Iterating FindRoot to solve a differential equation

I am new to Mathematica style programming, better at traditional programming. I would like to know if I can create a table of results using FindRoot, where the solution from the current FindRoot call becomes the start point for the next FindRoot call. I would like to create a For loop with a set number of iterations.

Update

In the comment section someone asked what I was trying to achieve with an iterated FindRoot. What I am trying to solve is the following differential equation using numerical methods:

NDSolve[{Exp[y'[x]] + Exp[-y[x]] == 1, y[0] == 1}, y, {x, 0, 5}]

Mathematica does not like this equation, and gives me the error:

NDSolve::ndnum: Encountered non-numerical value for a derivative at x == 0.

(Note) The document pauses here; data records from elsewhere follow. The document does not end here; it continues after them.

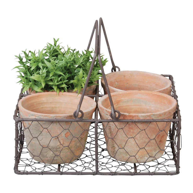 Aged Terracotta 4 potjes in draadmand met handvat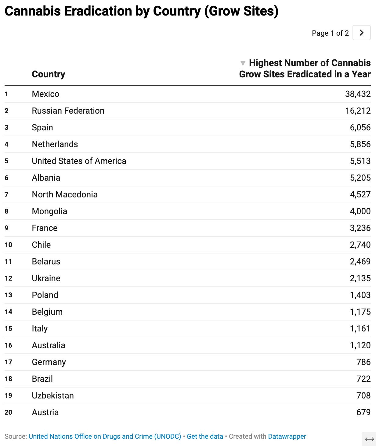 Not all countries have comprehensive reporting or effective eradication efforts, but the seizure data alone demonstrates that there is a broad global production market for marijuana and methamphetamine: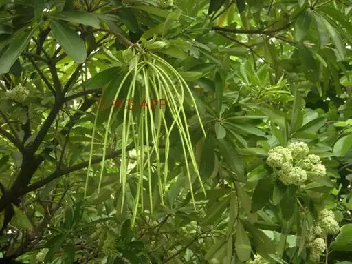 蓇葖合生,长18-35厘米,直径1-1.2厘米,外果皮暗褐色,有纵浅沟;种子长椭圆形,扁平,长约1厘米,宽约4毫米,两端被棕黄色的缘毛。花期4-7月,果期8-12月。

I have not seen a differential equation like this before, but thought it would be interesting to see what kind of numerical solution it would give. My way around this is to use FindRoot and a finite difference equation to find y[x].

FindRoot[Exp[(u1 – u0)/h] + Exp[-u0] == 1, {u1, u0}]

I start with u0 = 1, and h = 0.1. I can then solve for u1. I then use u1 as the new u0 and use FindRoot again to find the next u1. That is where I need to iterate the FindRoot function. If someone has a better idea I would appreciate it. I will try the Nest function, and I saw another similar question on StackExchange elsewhere, and will try that solution too.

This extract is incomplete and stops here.